*** RECORDS FOR THIS TASK ***

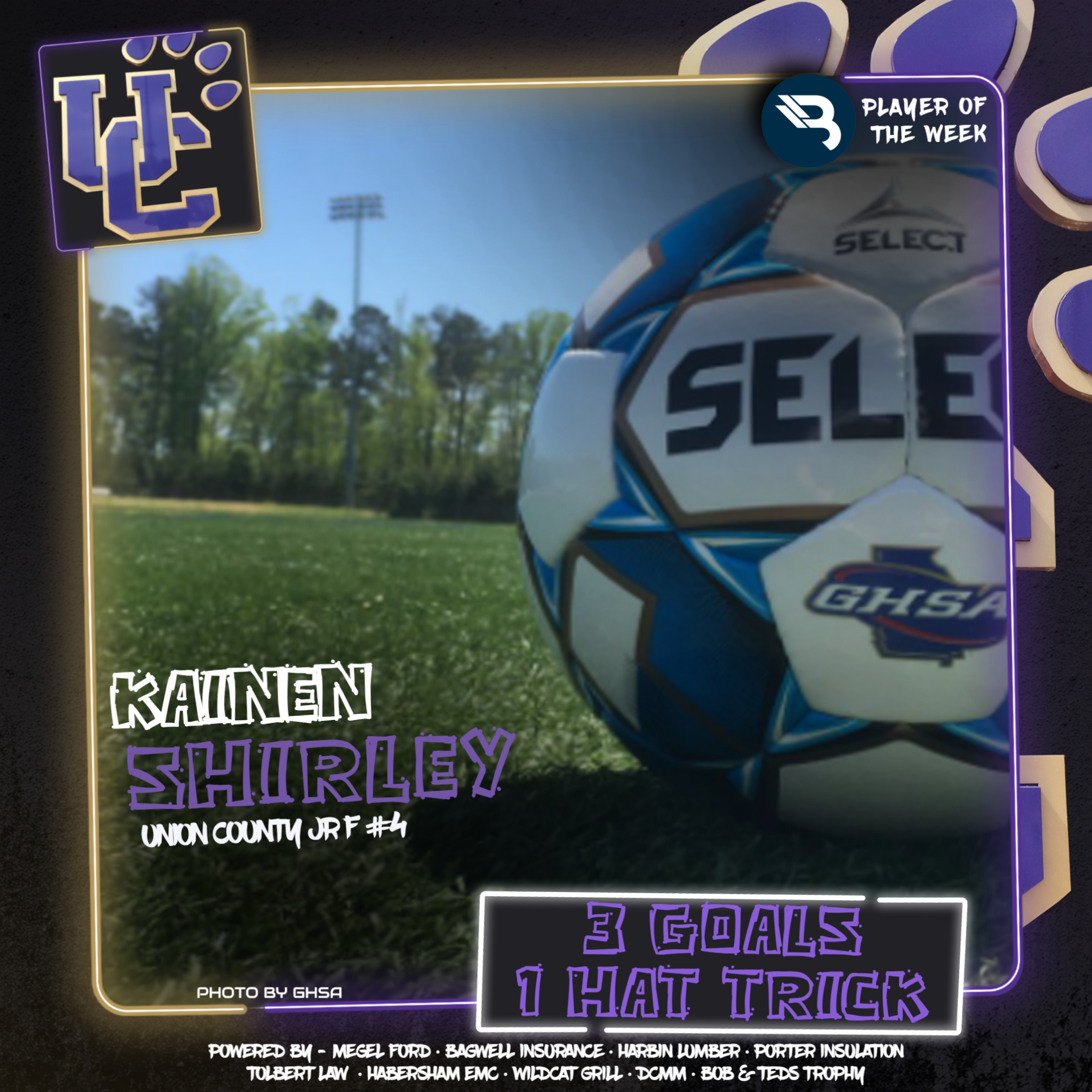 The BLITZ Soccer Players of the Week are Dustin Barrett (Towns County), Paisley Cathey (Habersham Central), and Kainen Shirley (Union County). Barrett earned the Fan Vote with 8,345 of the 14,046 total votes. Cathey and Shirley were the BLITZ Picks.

*** End of RECORDS FOR THIS TASK ***
*** RECORDS FOR THIS TASK ***

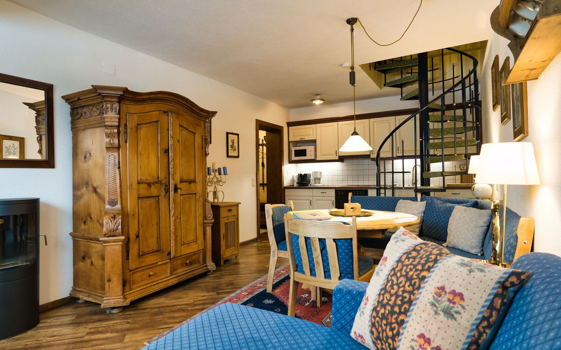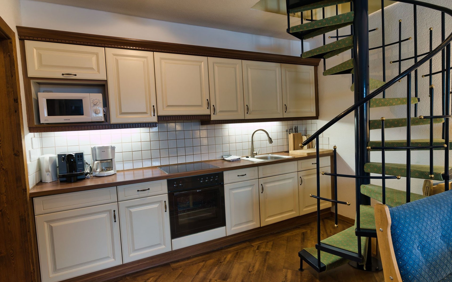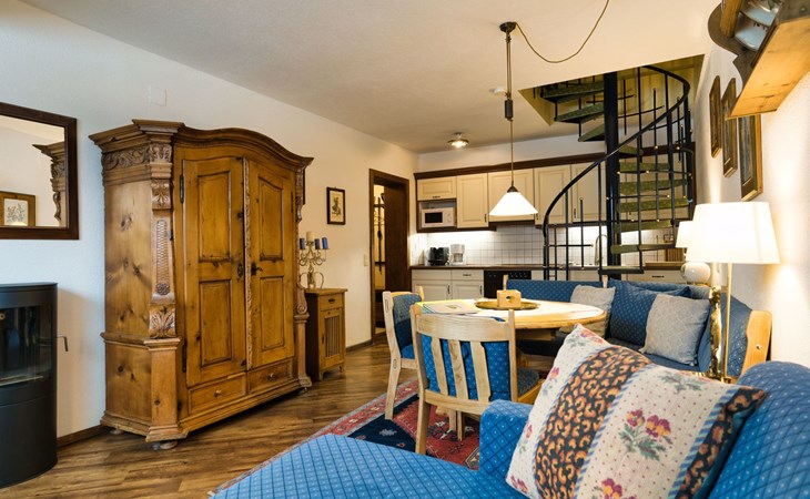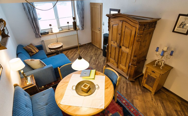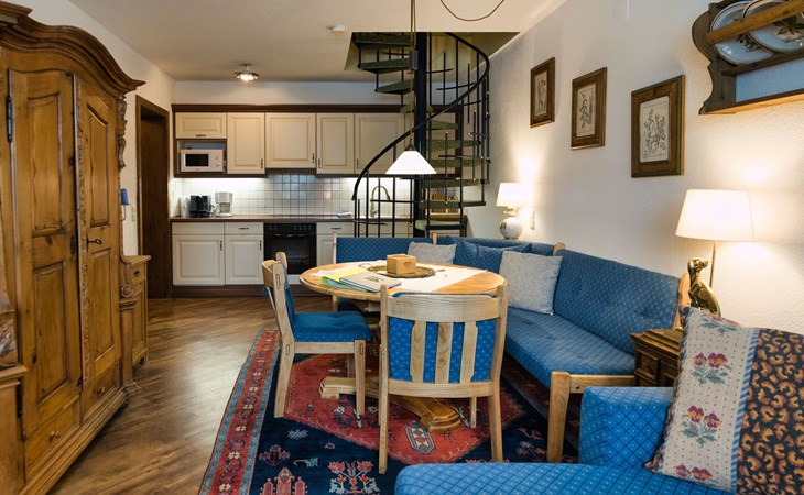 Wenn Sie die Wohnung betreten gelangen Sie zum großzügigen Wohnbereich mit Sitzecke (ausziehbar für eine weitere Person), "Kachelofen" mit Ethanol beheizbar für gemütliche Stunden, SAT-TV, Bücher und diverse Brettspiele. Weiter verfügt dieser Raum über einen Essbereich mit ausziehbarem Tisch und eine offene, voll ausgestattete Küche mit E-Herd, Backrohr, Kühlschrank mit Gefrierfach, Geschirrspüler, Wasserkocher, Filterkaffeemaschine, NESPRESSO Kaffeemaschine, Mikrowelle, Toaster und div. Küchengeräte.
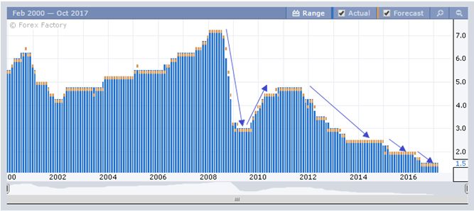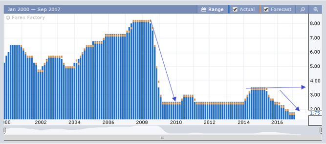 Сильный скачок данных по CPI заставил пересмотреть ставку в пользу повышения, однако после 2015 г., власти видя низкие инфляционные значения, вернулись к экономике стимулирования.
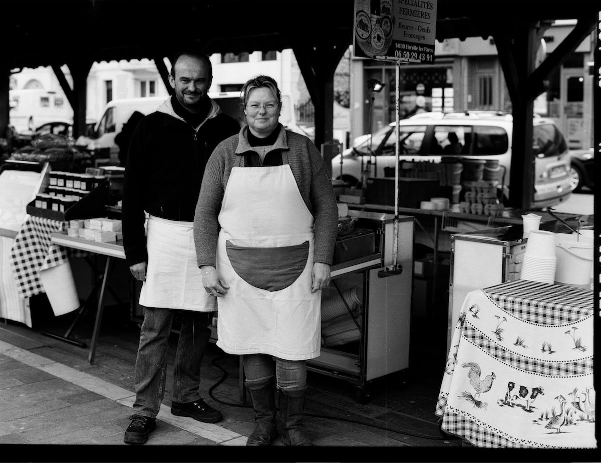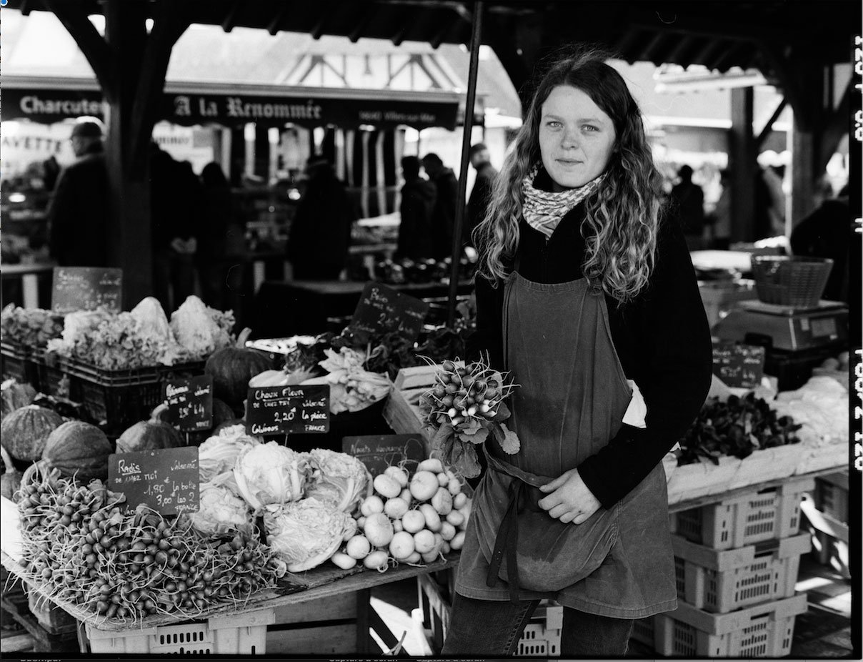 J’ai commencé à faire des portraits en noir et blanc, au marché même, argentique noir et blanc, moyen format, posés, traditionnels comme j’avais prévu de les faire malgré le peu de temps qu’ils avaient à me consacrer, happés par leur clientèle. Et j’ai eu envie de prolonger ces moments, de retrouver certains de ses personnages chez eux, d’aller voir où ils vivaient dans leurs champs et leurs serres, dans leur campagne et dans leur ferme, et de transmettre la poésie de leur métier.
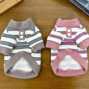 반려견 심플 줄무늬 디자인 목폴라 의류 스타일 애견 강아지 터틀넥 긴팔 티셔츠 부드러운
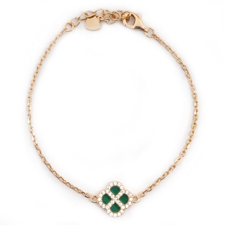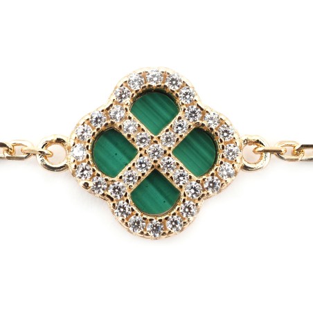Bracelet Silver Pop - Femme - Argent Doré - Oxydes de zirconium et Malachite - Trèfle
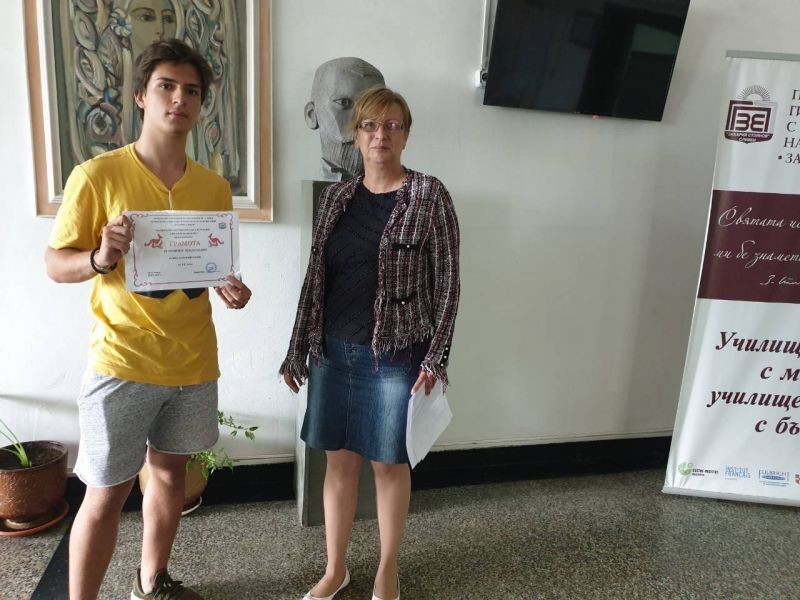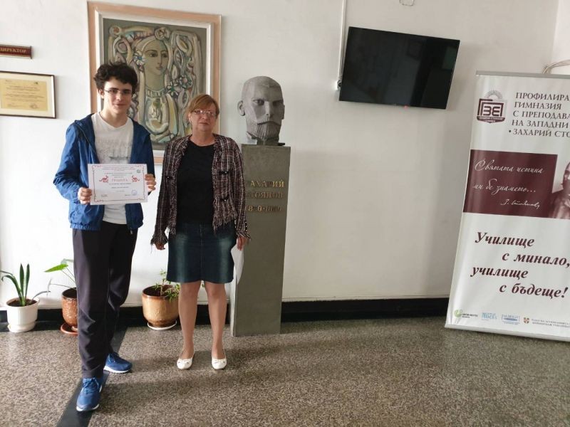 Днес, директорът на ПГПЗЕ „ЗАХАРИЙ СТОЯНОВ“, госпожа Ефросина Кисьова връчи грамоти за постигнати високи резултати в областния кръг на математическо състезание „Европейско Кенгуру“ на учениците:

*** End of RECORDS FOR THIS TASK ***

▸ EXERCISE GOAL:
In the entries above, every line from the line with "Сильный скачок данных" to the line with "Днес, директорът на" is to be printed exactly, with both ends included and pictures excluded.

▸ RESPONSE BELOW:
 Сильный скачок данных по CPI заставил пересмотреть ставку в пользу повышения, однако после 2015 г., власти видя низкие инфляционные значения, вернулись к экономике стимулирования.
 J’ai commencé à faire des portraits en noir et blanc, au marché même, argentique noir et blanc, moyen format, posés, traditionnels comme j’avais prévu de les faire malgré le peu de temps qu’ils avaient à me consacrer, happés par leur clientèle. Et j’ai eu envie de prolonger ces moments, de retrouver certains de ses personnages chez eux, d’aller voir où ils vivaient dans leurs champs et leurs serres, dans leur campagne et dans leur ferme, et de transmettre la poésie de leur métier.
 반려견 심플 줄무늬 디자인 목폴라 의류 스타일 애견 강아지 터틀넥 긴팔 티셔츠 부드러운
Bracelet Silver Pop - Femme - Argent Doré - Oxydes de zirconium et Malachite - Trèfle
 Днес, директорът на ПГПЗЕ „ЗАХАРИЙ СТОЯНОВ“, госпожа Ефросина Кисьова връчи грамоти за постигнати високи резултати в областния кръг на математическо състезание „Европейско Кенгуру“ на учениците:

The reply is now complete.